Depois de nos instalarmos de novo em Pattaya, subi a ajuda mensal dela de 20.000 para 45.000 baht, um valor que me pareceu generoso dadas as circunstâncias, pedi a uma britânica do grupo de expatriados que falava tailandês fluentemente para explicar os termos com toda a clareza à Dada na própria língua dela, sem qualquer ambiguidade possível, e deixei bem claro perante as duas que aquele era o teto máximo, não um ponto de partida para negociar para cima. Não queria que exigências constantes da família de duas em duas semanas se tornassem a nova normalidade da nossa vida juntos.

Começou a levantar dinheiro da conta conjunta aos poucos, em silêncio, sem nunca me dizer, quantias pequenas ao início que depois foram crescendo. Nunca pedia permissão, simplesmente tirava quando eu não estava a ver e esperava que eu não desse conta ao verificar o saldo. Foi o fim para mim, no exato momento em que juntei tudo. A desonestidade numa relação é algo com que não consigo lidar, em circunstância alguma, sobretudo tendo já lhe dado tudo o que precisava sem me queixar uma única vez e tendo deixado bem claro, com ajuda de tradutora incluída, que só tinha de pedir para ter mais.

Dei-lhe uma quantia em dinheiro e voltei para casa, sem grandes discussões nem cenas, simplesmente terminei as coisas com a maior calma possível.

Olhando para trás agora, com bastante mais perspetiva do que tinha na altura, acho que fui eu próprio que piorei a situação ao meter esse nível de dinheiro no mundo de uma família pobre de Isaan sem o gerir corretamente desde o início, quase da noite para o dia e sem qualquer estrutura clara. A riqueza repentina ultrapassou-os por completo, mais do que qualquer um de nós soube gerir, e trouxe à tona o pior de cada um deles, incluindo a Dada no final, algo que me custou muito tempo a aceitar especificamente a respeito dela.

Devia ter assumido o controlo direto das finanças eu próprio desde o início, com regras claras e um calendário fixo, em vez de deixar a Dada carregar sozinha com toda a pressão constante da família. Isso foi pura preguiça da minha parte, disfarçada de confiança, e colocou-a numa posição praticamente impossível entre o marido estrangeiro e o seu próprio sangue.

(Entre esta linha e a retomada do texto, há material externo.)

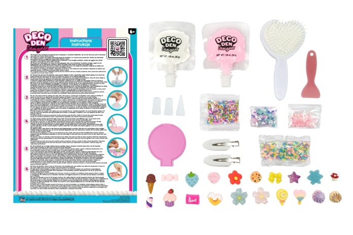 Zestaw zawiera innowacyjną masę dekoracyjną DecoDen oraz różnorodne akcesoria, które pozwalają na nieograniczone możliwości personalizacji.
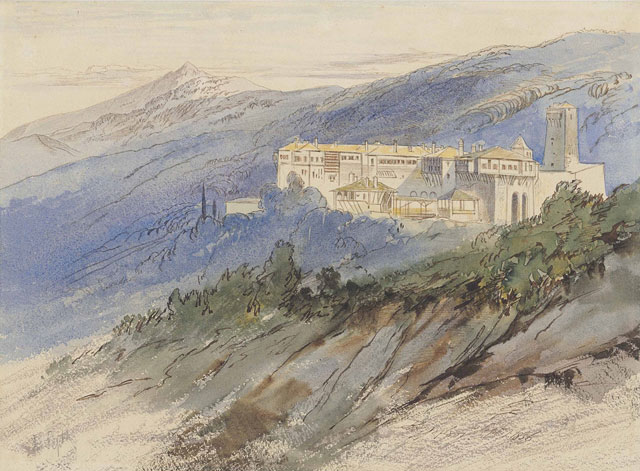 Edward Lear, The Monastery of Koutloumousiou, Mount Athos.
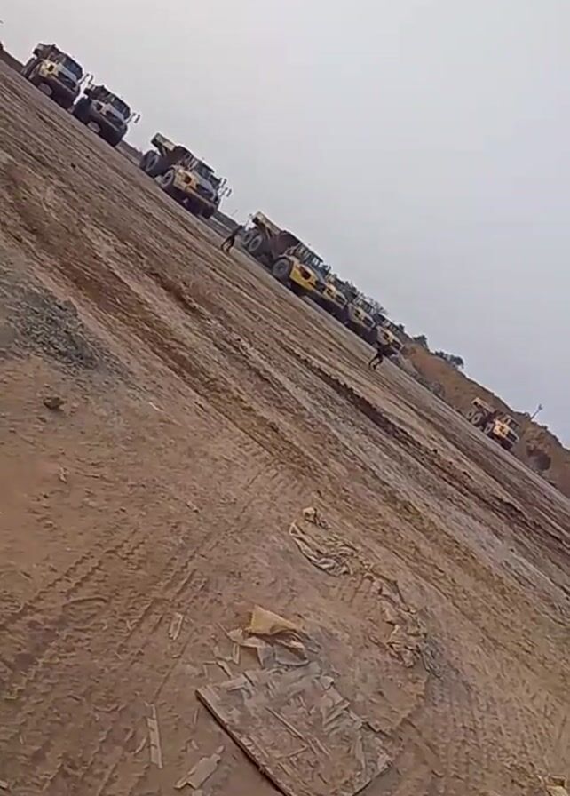 line of large yellow mining trucks parked on a muddy, sloped surface under an overcast sky. The trucks are facing uphill and appear to be stationary. A person is walking between the trucks. The ground is covered in tire tracks and debris, including a rectangular piece of material. The perspective is from a slightly lower angle, looking up at the trucks.
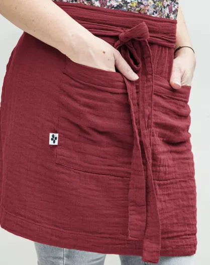 Tablier serveur Gaze de coton Gaïa lie de vin
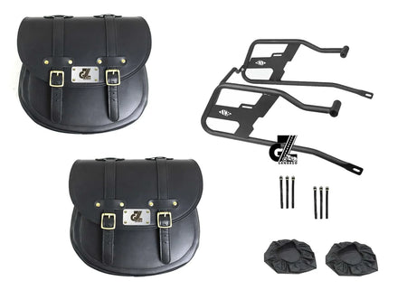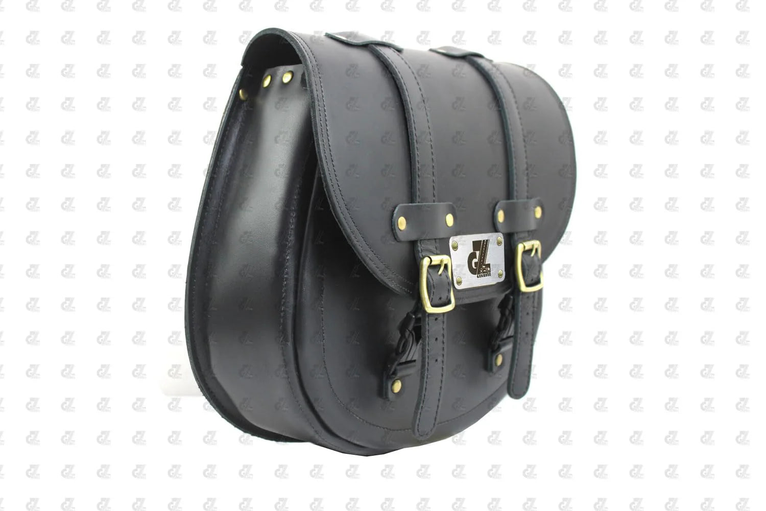 Black Leather Saddle Bag with Saddle Stay Pair For Hunter 350

Estou de volta à América agora, feliz numa relação nova que está a correr bastante bem até agora, sem pressão de nenhum dos lados para apressar seja o que for desta vez. Vou voltar à Tailândia em algum momento, disso não tenho dúvida nenhuma, o país em si continua a parecer-me extraordinário, independentemente de como as coisas acabaram com a Dada. No geral, continuo a achar que foi uma boa experiência, com tudo o que correu mal incluído no balanço final.